How do the lines below between the ones holding "Policisté byli oceněni v Luhačovicích" and "Lázeňské náměstí v", inclusive, read? Give them again exactly, with no other lines.
════════════════
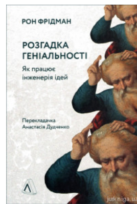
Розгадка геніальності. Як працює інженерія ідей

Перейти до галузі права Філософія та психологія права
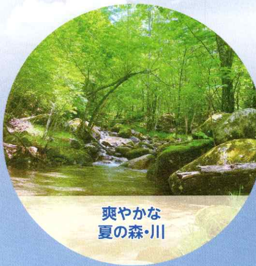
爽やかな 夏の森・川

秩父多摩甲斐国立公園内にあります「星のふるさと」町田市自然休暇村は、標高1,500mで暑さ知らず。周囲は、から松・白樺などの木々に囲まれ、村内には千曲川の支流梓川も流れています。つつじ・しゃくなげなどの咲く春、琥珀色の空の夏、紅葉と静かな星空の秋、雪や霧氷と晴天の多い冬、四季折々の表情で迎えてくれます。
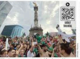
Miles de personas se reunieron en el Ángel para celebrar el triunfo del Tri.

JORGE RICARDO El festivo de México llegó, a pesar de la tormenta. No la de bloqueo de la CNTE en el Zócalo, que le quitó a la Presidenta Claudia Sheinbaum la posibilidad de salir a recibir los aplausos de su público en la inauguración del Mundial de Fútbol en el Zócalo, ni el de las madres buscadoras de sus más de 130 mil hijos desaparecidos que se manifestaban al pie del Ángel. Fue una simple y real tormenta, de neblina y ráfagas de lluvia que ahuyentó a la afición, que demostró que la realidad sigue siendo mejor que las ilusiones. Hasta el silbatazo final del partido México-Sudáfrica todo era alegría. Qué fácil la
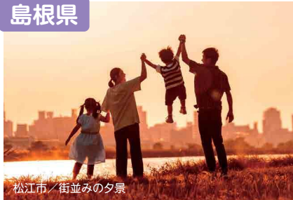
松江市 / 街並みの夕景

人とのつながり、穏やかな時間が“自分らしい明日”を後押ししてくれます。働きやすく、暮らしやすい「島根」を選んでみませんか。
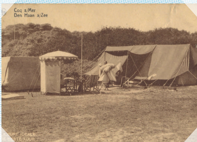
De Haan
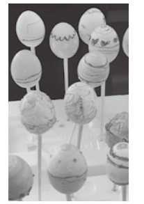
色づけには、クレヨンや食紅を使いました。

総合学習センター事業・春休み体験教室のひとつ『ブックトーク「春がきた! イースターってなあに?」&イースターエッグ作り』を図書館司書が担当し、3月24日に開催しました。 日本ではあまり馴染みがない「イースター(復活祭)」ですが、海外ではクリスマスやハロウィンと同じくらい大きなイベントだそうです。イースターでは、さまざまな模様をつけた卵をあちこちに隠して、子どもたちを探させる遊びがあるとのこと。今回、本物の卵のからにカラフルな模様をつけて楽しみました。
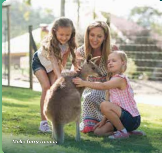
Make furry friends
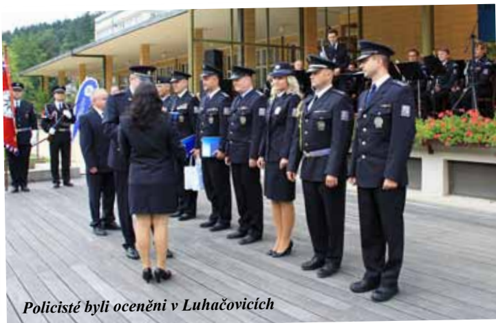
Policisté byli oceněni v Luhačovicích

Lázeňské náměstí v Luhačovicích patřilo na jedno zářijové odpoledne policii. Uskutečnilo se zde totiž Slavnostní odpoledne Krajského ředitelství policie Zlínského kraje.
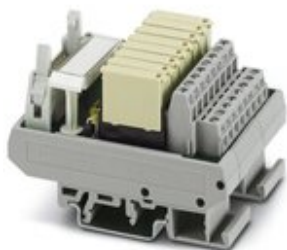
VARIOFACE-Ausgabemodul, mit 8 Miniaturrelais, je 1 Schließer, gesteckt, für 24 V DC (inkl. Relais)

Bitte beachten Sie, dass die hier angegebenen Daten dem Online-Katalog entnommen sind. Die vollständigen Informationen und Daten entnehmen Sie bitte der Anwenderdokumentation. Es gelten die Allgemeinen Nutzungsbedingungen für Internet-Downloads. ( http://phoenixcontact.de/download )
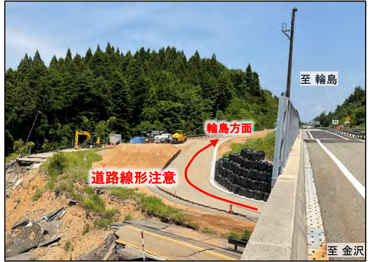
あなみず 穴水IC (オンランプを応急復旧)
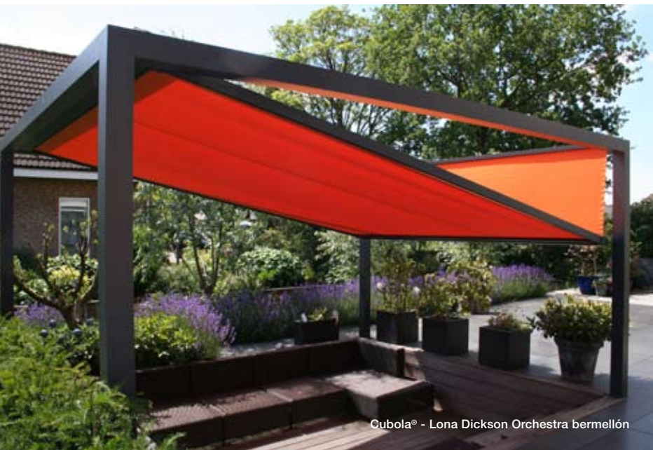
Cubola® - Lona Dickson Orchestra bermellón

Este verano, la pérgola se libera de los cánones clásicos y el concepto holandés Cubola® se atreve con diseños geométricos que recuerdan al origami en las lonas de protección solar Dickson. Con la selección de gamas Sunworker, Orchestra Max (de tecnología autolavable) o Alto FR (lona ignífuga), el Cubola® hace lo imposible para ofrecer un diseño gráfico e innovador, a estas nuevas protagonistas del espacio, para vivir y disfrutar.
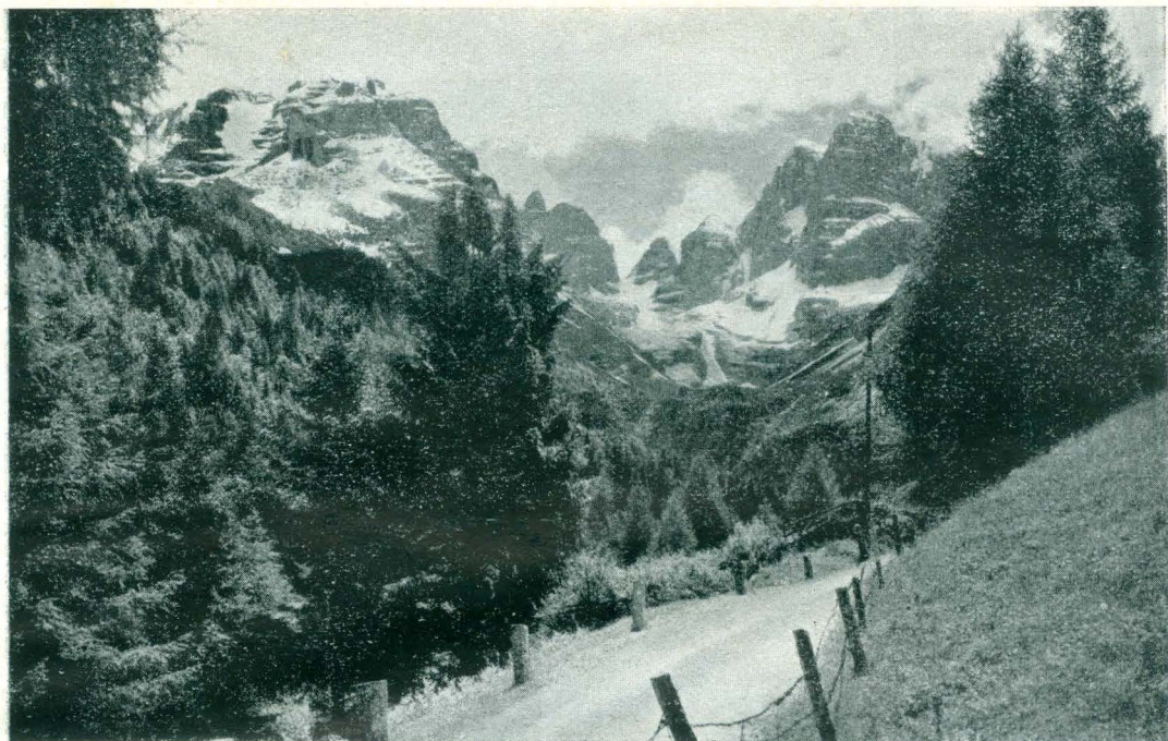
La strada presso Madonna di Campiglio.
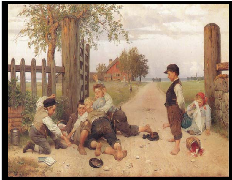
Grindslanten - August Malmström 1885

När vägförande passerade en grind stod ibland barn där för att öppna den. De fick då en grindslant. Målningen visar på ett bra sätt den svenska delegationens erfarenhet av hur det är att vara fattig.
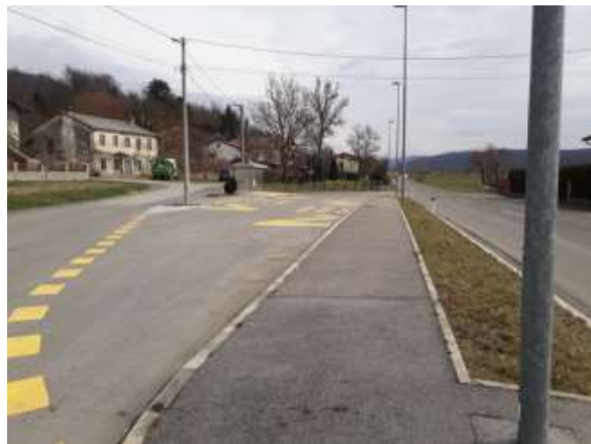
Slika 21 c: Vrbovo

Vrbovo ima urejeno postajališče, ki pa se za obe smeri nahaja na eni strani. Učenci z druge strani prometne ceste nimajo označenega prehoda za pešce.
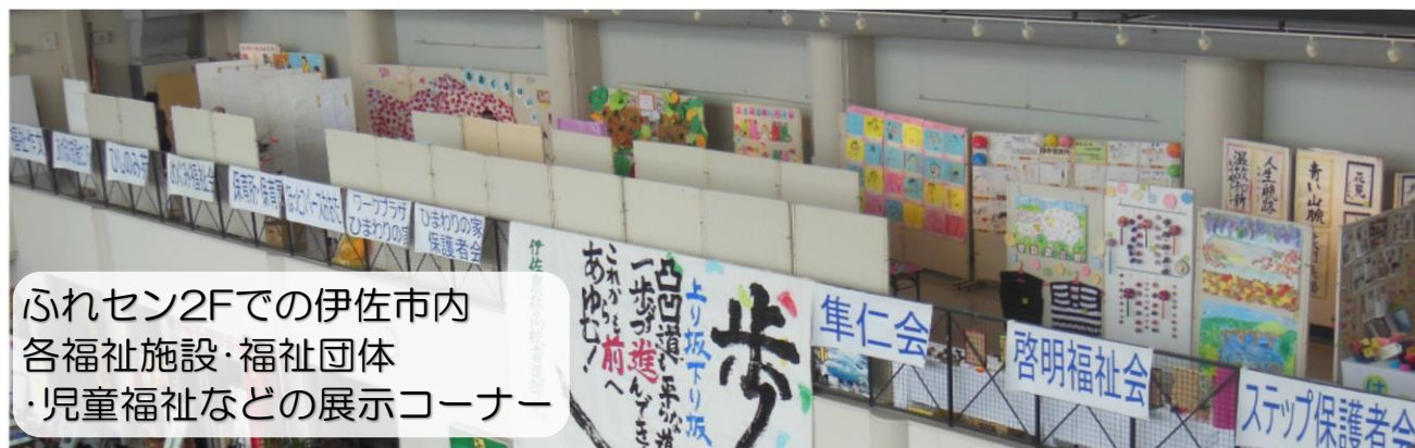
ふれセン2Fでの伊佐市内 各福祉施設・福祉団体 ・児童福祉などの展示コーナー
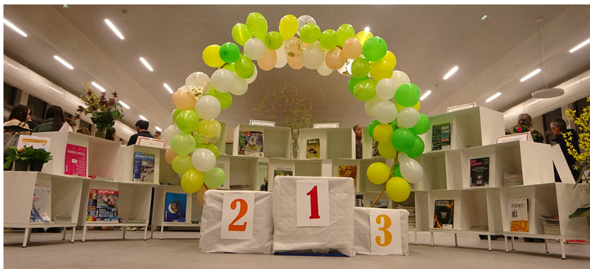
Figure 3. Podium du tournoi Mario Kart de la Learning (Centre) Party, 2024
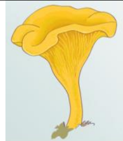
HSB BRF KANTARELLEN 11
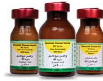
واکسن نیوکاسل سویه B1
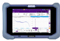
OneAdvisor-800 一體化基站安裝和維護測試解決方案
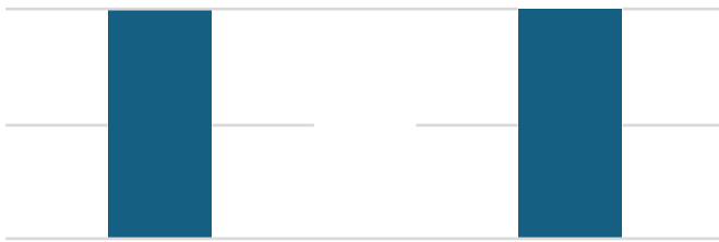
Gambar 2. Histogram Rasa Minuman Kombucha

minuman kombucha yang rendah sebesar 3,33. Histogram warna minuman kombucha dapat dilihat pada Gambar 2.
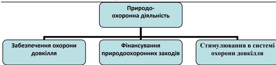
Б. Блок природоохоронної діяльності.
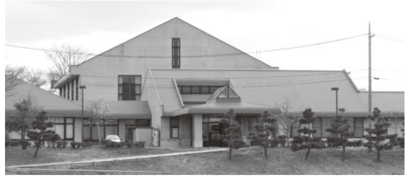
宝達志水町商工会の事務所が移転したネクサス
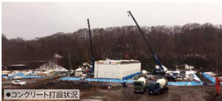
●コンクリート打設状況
════════════════
**EXERCISE OUTPUT**
Policisté byli oceněni v Luhačovicích

Lázeňské náměstí v Luhačovicích patřilo na jedno zářijové odpoledne policii. Uskutečnilo se zde totiž Slavnostní odpoledne Krajského ředitelství policie Zlínského kraje.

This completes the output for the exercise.